2002-12-27 20:50:16

by Matthew Zahorik

[permalink] [raw]
Subject: Hang on partition check, 2.4 kernels

I have a sparc SS10 that I recently installed with Debian 3.0r0.

There are two drives in the machine, sda (ID #1) and sdb (ID #3)

sda is dead, sdb is functioning fine.

Rather than awaiting a replacement for sda, I went ahead and installed
Debian on sdb. Worked fine. Happy day.

Debian 3.0r0 on sparc32 installs a 2.2.20 kernel. Obtained and compiled
2.4.20. Rebooted.

The 2.4.20 kernel hangs forever waiting to read the partitions on sda.

2.2.20 didn't do this. It printed a message about failing to read the
table, then continued.

Wandered through the 2.2.20 and 2.4.20 code and compared.
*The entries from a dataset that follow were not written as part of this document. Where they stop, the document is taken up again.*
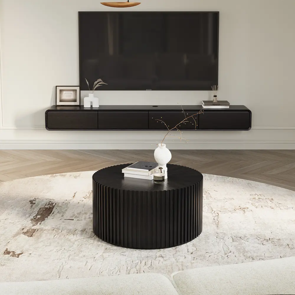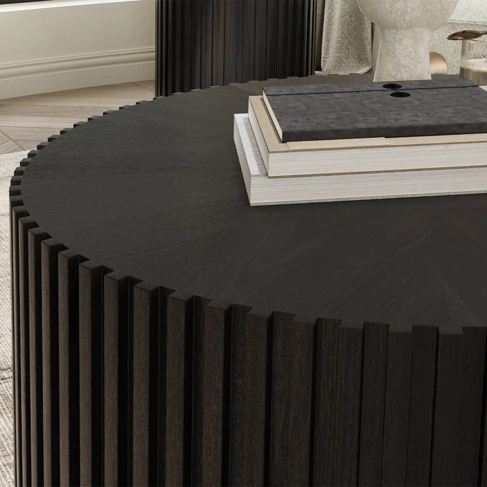 5. Fluted Round Coffee Table, Minimalist Wood Coffee Table, Mid Century Modern, Black Color, Fully Assembled, 31.5"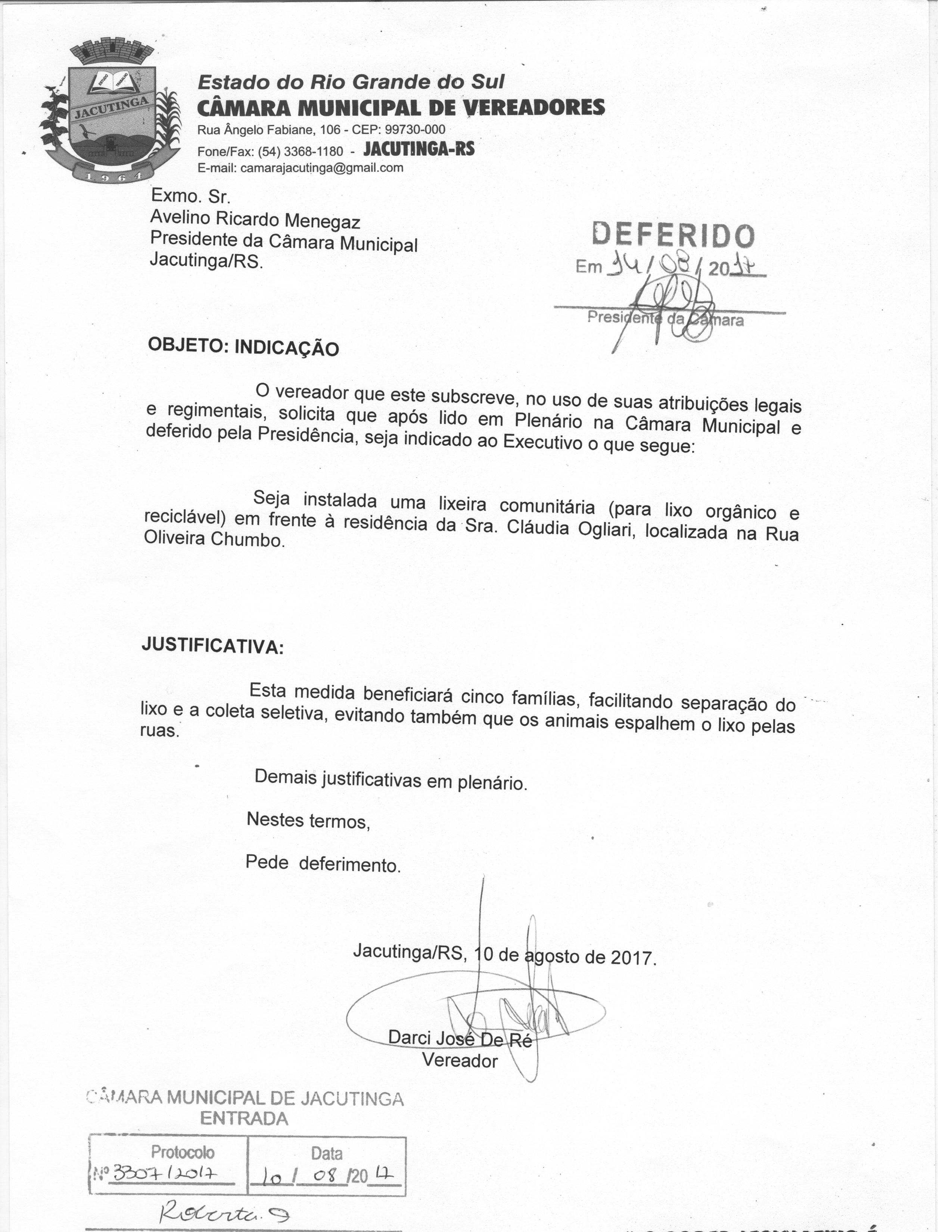 Solicitação de instalação de lixeira comunitária da Rua Oliveira Chumbo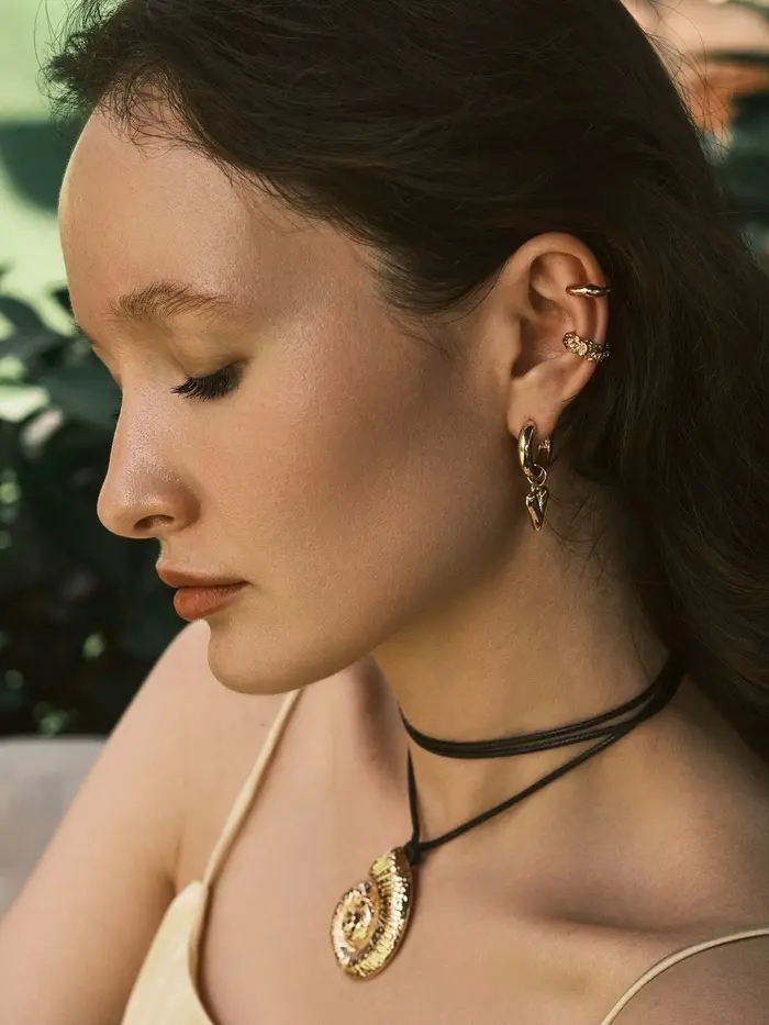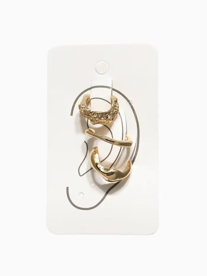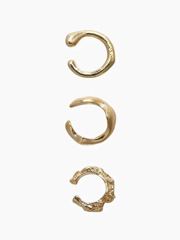 Серьги "Каффы" набор 3 шт., мятый, цвет золото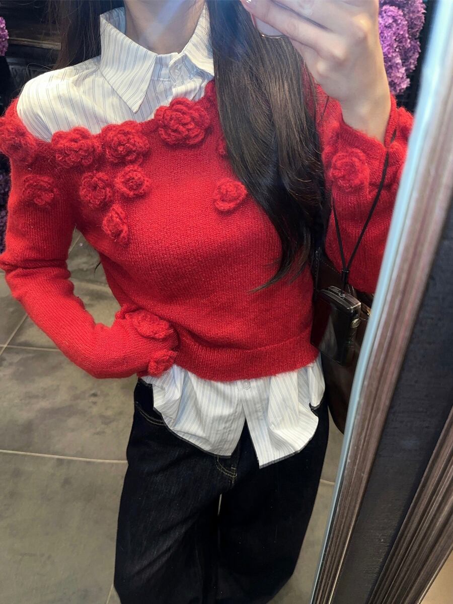 お花のモチーフがいっぱいついたワンショル長袖ニットです。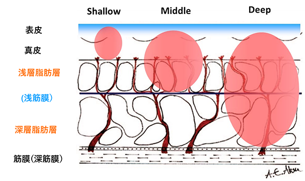 Deepモード:6.78MHzと2MHzを同時に照射。脂肪のたるみが部位にこれまでより深部を加熱することができます。
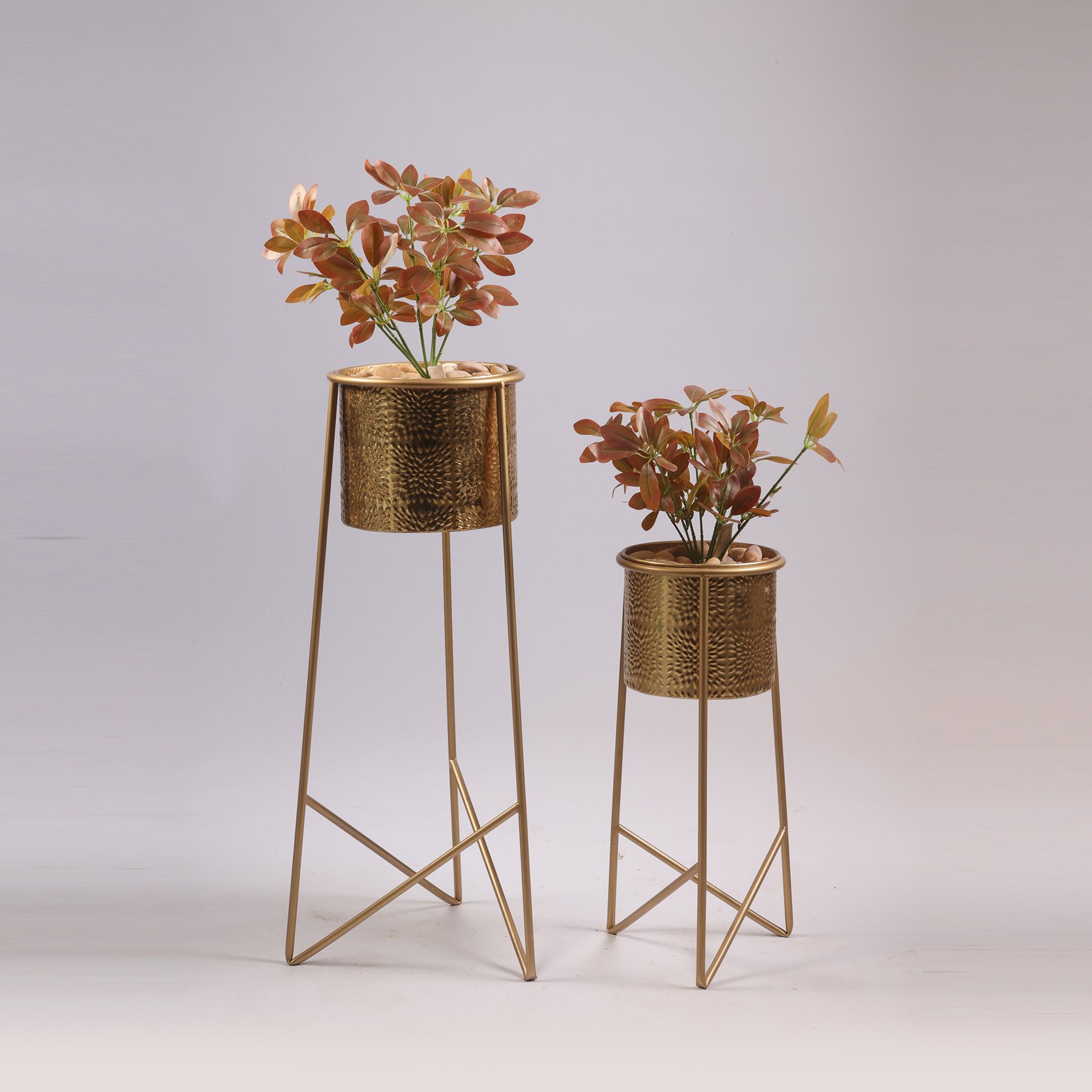 A meticulously crafted metal planter made from high-quality materials, combining durability and elegance. Its contemporary design seamlessly blends with various interior and exterior decors. It can be used to cultivate a wide range of plants, whether indoor or outdoor. The metal planter provides protection for plants and adds a touch of nature to any location.

In 2.2.20, the partition check for Sun is in
drivers/block/genhd.c:sun_partition()

This code calls bread() directly, immediately handling the error and
skipping a bad drive.

In 2.4.20, the partition check for Sun is in
fs/partitions/sun.c:sun_partition()

This calls read_dev_sector in fs/partitions/check.c, which
calls read_cache_page then calls wait_on_page is there is an error.
This seems to wait forever.

Can someone explain how/why read_cache_page is called, how it's wrong, and
why bread() isn't sufficient in this function? I don't know how to fix
the code once VM got involved.

I could simply pull the damaged drive and the machine would boot (I'd have
to adjust root to point to sda instead of sdb...) But I'd like to fix
the behavior now - the machine should boot despite the failure.

Thanks!

- Matt